> [WHAT IS BEING ASKED]: State how many lines of the entries hold the string "岩溶地貌", and nothing more.

··· DATA RECORDS

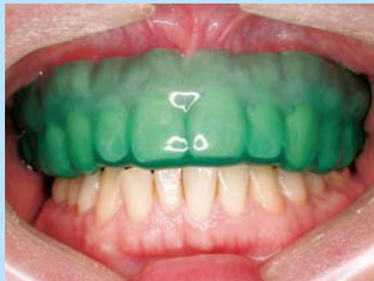
マウスガードを装着したところ

スポーツ健康歯科はスポーツアスリートだけでなくスポーツ愛する全ての方の歯の健康維持と外傷予防のためにマウスガードをお作りします。どうぞ遠慮無く受診ください。
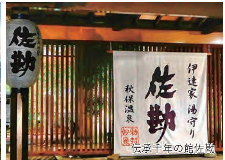
伝承千年の館佐勤
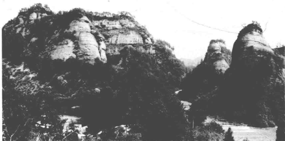
通道万佛山“丹霞”岩溶地貌

约占全县总面积的 80%，丘陵约占 15.39%，岗地约占 1.91%，平地约占 3.08%，水源占地约 1.95%。县内的地形以八斗坡为分界点，北部地势由东、南、西向中、西北倾斜，多山地、丘陵和谷地，呈明显带状分布；南部地势由北向南急剧下降，山高谷深、起伏较大，形成独特的山地景观。县内有大山八斗坡、大高山、将军坡、黄沙岗、七星山、黄竹山、玉柱山、三省坡、青龙界、天堂界等，还有形态特殊的万佛山“丹霞”岩溶地貌。

······

> [ANSWER SPACE]: 2